Granular tasks (97+): roadmap-task-registry.md — every deliverable as [P0]–[P4] GitHub task with parent→child map.
Legend
| Status | Meaning |
|---|---|
| Shipped | Live on ehxlabs.xyz, documented in milestone runbook |
| Preview | Works in stub/preview form — not production-grade |
| Planned | Documented, issue open, not started |
| Epic | Umbrella issue — child tasks may still be filed |
Priority
| Tier | When |
|---|---|
| P0 | Next — blocks credible SaaS beta or operator visibility |
| P1 | Soon — product trust, auth completeness, UX foundations, operator user directory enrichment (M5.10a–b) |
| P2 | Core product depth — AI, catalog, dashboard |
| P3 | Phase 4 — live Web3/monitoring/security |
| P4 | Long-term — retention, teams, enterprise, org hygiene |
P0 — Next (SaaS beta blockers)
No open P0 items.

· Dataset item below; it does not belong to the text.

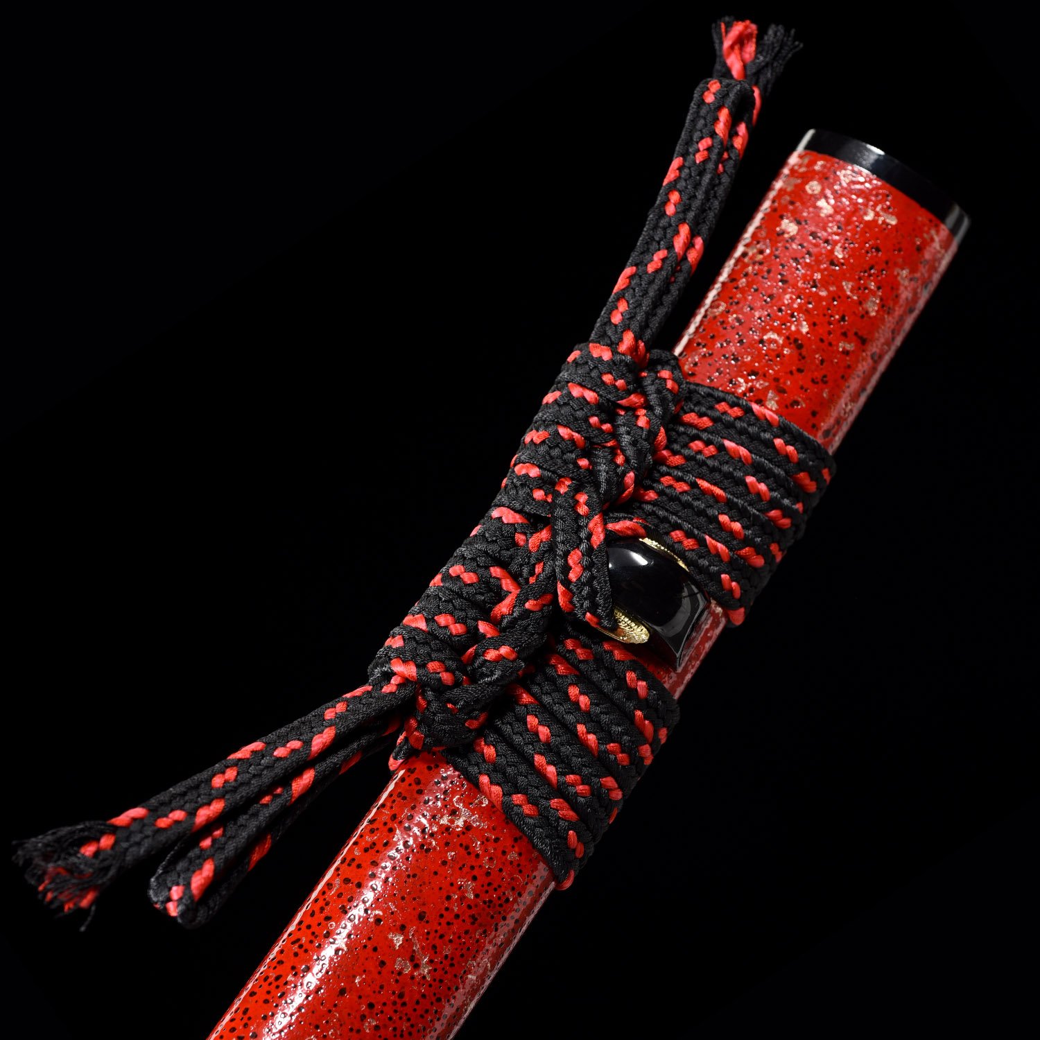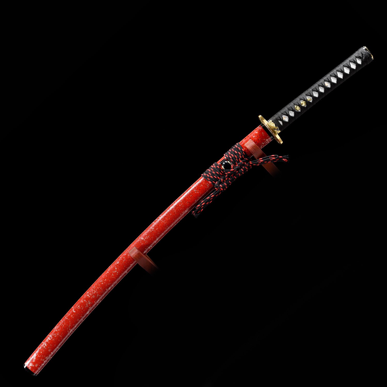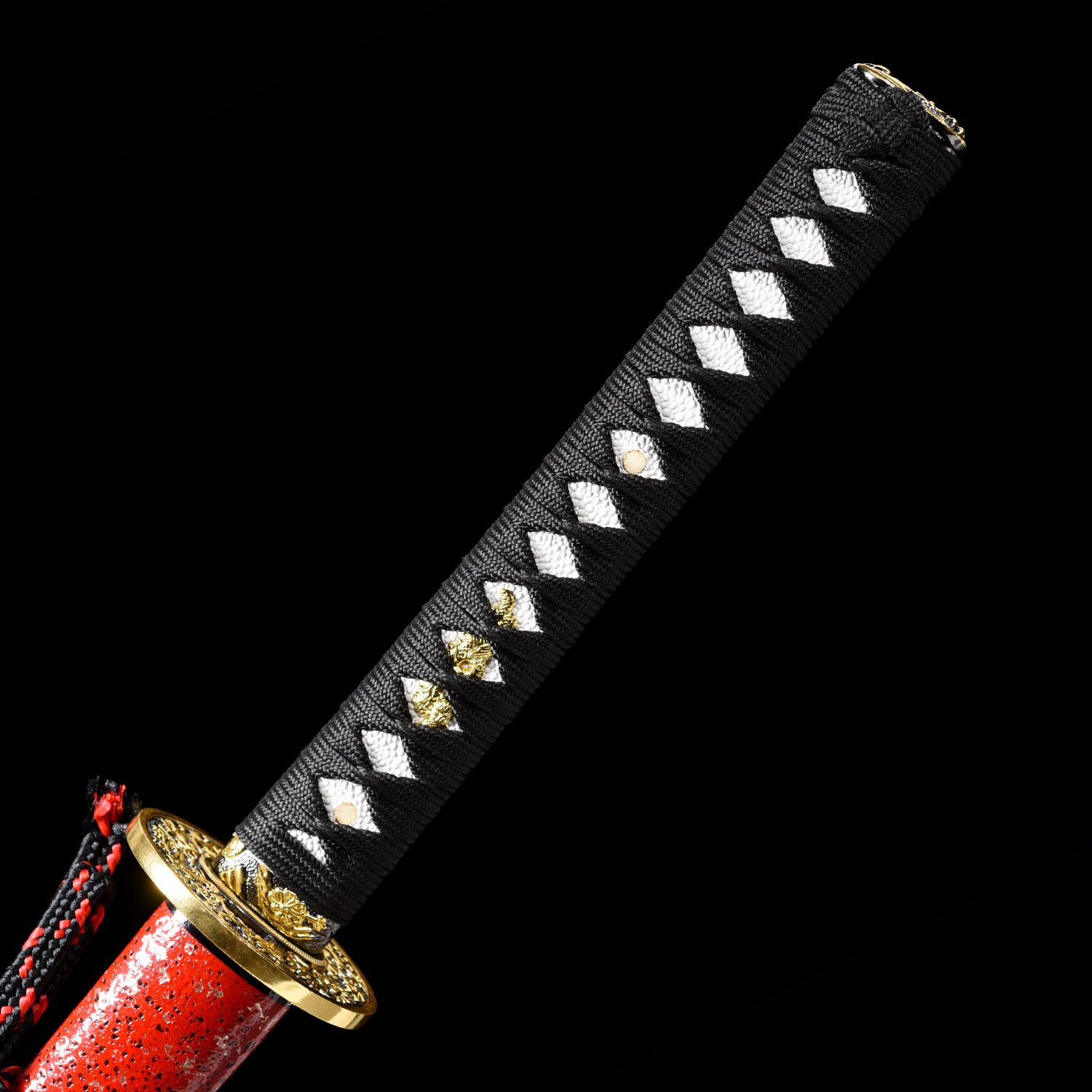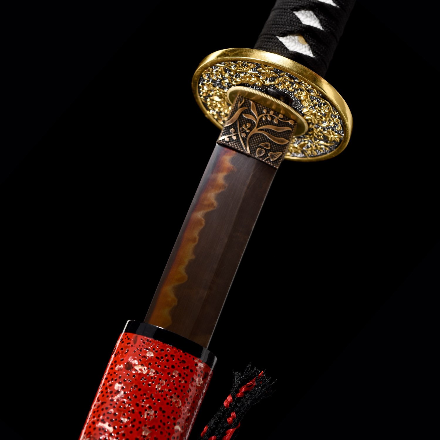 - Red katana, t10 carbon steel, clay tempered with real hamon, ready for battle, handmade, full tang, blade polished, black cord handle, red scabbard, Brass fittings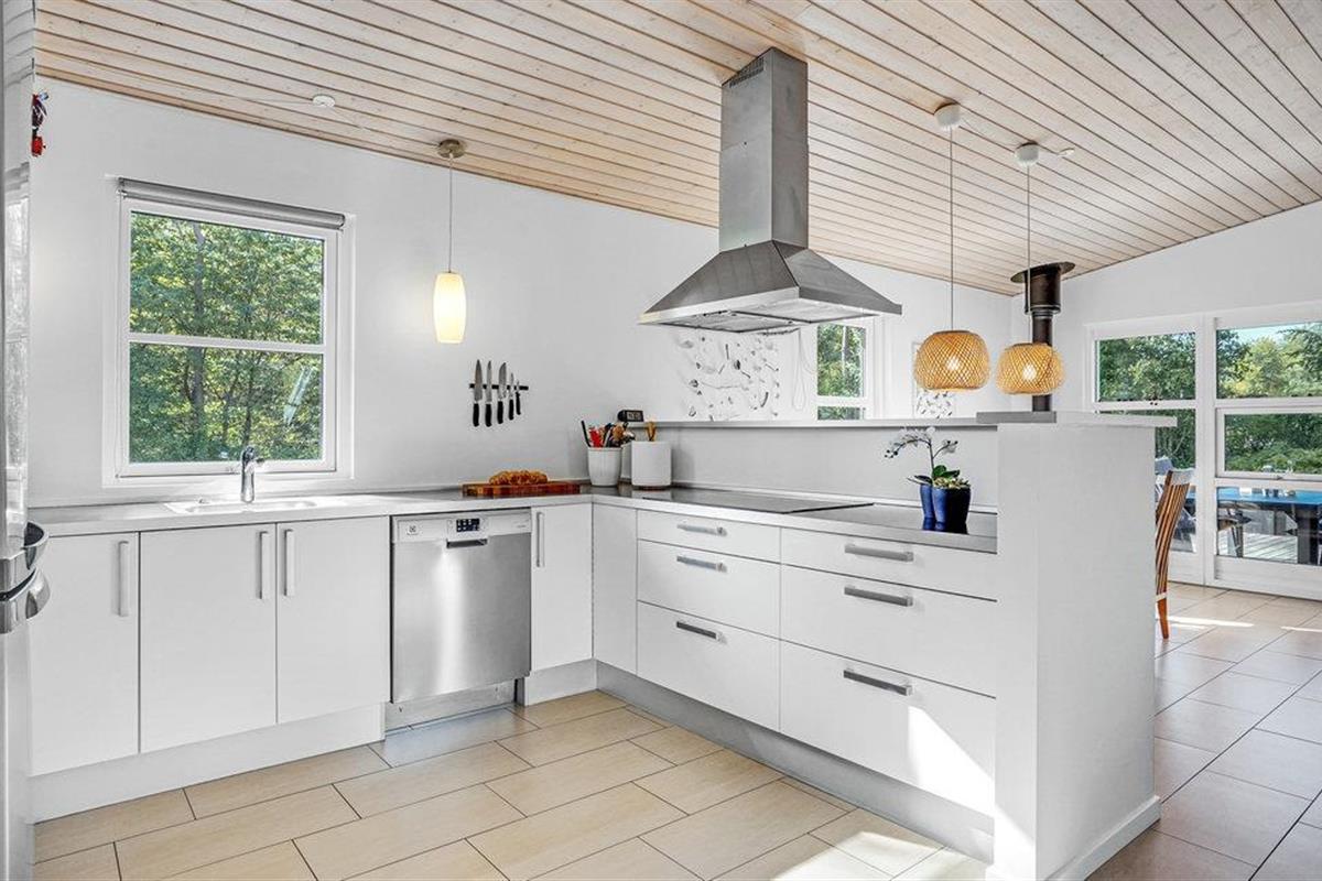 Prachtig gelegen vakantiehuis op een groot natuurgrondstuk. Het heeft vier goede slaapkamers, een badkamer en een gastentoilet, waardoor er voldoende ruimte is voor zowel één als twee gezinnen. Het huis is zeer modern, licht en heeft een goed uitgeruste keuken. Door de goede isolatie kunt u hier bij elk weer en op elk moment van het jaar een fijne vakantie doorbrengen. Het gebied aan de voet van de 'Mols Bjerge' biedt prachtige natuur met veel bos, gevarieerd terrein en open plekken die zeer geschikt zijn om te wandelen. Het strand en de stad Ebeltoft liggen op slechts 5-10 minuten rijden van het huis.

REBRAND shipped 2026-05-20 — milestone-rebrand-ehxlabs.md, ehx-kb#44 closed.
M5.8, M5.9, M5.10 core, and REBRAND are shipped — see roadmap-task-registry.md.
P1 — Soon (trust, auth, UX)
In flight (2026-05-20): M5.2.9 operator commerce slice shipped (grants, promos, oracle, pricing runbook #42); M5.10.13 unified admin shell (#58). Next: OPS.4 k6/ZAP (#43), M5.10.12 token rotation (#38).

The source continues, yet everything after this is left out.